De Bilbao,
Après la déclaration de cessez-le-feu permanent du 22 mars 2006, le retour à la violence semblait définitivement exclu de la stratégie de l’ETA. L’ouverture d’un processus de dialogue et de négociations avec l’ETA confortait cette hypothèse. Personne ne s’attendait donc à l’attentat du 30 décembre à l’aéroport de Madrid (deux morts, 26 blessés). Le plus surpris fut le gouvernement socialiste qui, la semaine précédente, annonçait que le processus de paix avançait de manière satisfaisante et que l’on pouvait penser qu’il serait définitivement consolidé à la fin de 2007. Mais quelques dirigeants de Batasuna1 ont aussi exprimé publiquement leur confusion face à un attentat auquel ils ne s’attendaient pas.
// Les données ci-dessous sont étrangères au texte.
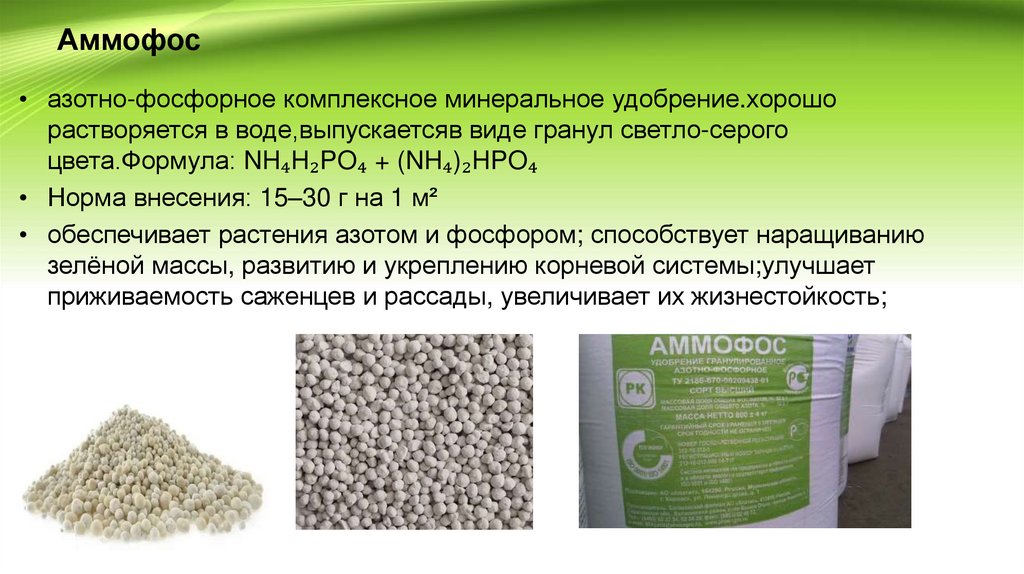Аммофос• азотно-фосфорное комплексное минеральное удобрение.хорошо

On pense à une initiative autonome des commandos militaires afin d’infléchir le cours de la négociation embourbée par l’immobilisme du gouvernement. Une fois l’attentat réalisé, le consensus d’idées entre l’ETA et Batasuna a chassé tous les doutes qui pouvaient encore exister sur son autonomie politique, ainsi que celle de la direction politique de l’ETA vis-à-vis du leadership effectif des commandos militaires. Les 500 kilos d’explosifs placés au terminal de l’aéroport étaient censés donner la preuve de la capacité de destruction massive de l’ETA et l’avertissement préventif, peu avant l’explosion, qui a permis l’évacuation de milliers de personnes, était censé indiquer sa volonté de ne pas rompre la trêve et le processus de négociation. L’intention était d’envoyer un dernier avertissement au gouvernement pour qu’il accorde le droit d’autodétermination nationale au peuple basque en échange d’une fin effective de la violence.
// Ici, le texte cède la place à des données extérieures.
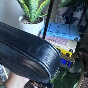 Chic black shoulder bag with iconic Gucci monogram. Stylish and versatile for any outfit.

L’ETA pensait, à tort, que le gouvernement socialiste serait obligé de faire des concessions pour garder sa majorité électorale. L’attentat a eu exactement l’effet inverse. Les attentats similaires ont laissé des traces. Ceux qui défendaient des négociations avec l’ETA étaient majoritaires avant l’attentat, alors qu’aujourd’hui la majorité exige des actions policières contre l’ETA jusqu’à ce qu’elle renonce définitivement à l’usage des armes. Le processus de négociation est ainsi définitivement rompu. Batasuna ne sera pas légalisée et ne pourra participer aux élections tant qu’elle ne se prononcera pas publiquement contre les violences exercées par l’ETA. On s’attend à des sentences exemplaires dans les jugements en cours contre les organisations civiles de la gauche arbetzale2. Les prisonniers politiques vont continuer à être les otages de l’État, et il faut s’attendre à la mort du gréviste de la faim de De Juana Charcos, qui ne s’alimente plus depuis 60 jours.
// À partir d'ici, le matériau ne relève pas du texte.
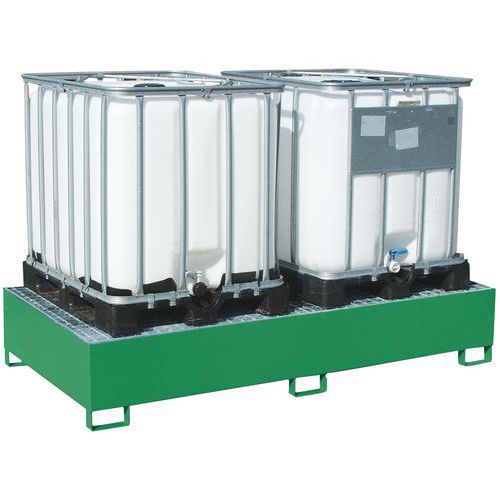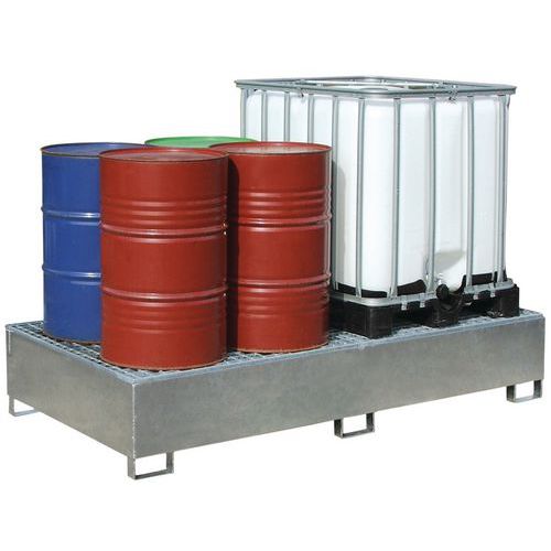 Manutention à vide possible. Bac de rétention avec caillebotis en acier galvanisé à chaud.

À en juger par sa déclaration, où elle se réserve le « droit d’agir en harmonie avec la politique adoptée par le gouvernement espagnol », on peut supposer que l’ETA va répondre par une nouvelle vague d’attentats avec une intensité correspondante à la capacité opérationnelle qu’elle conserve encore. Dans ce cas, s’ouvrira un nouveau cycle de violence politique, de répression policière et de mobilisation citoyenne contre celle-ci.
Les autres gauches basques doivent convaincre la gauche abertzale que, si l’ETA doit abandonner les armes, ce n’est parce que l’État espagnol l’exige comme condition pour renouer le dialogue, mais parce que cet abandon est indispensable pour articuler une alliance démocratique pour l’autodétermination nationale, laquelle seule permettra de transformer en mobilisation citoyenne ce qui est aujourd’hui un sentiment majoritaire dans la société basque.
Notes
1. Batsasuna, parti déclaré illégal depuis 2003 du fait de ses liens avec l’ETA.
2. Gauche abertzale (« patriote ») : gauche nationaliste basque.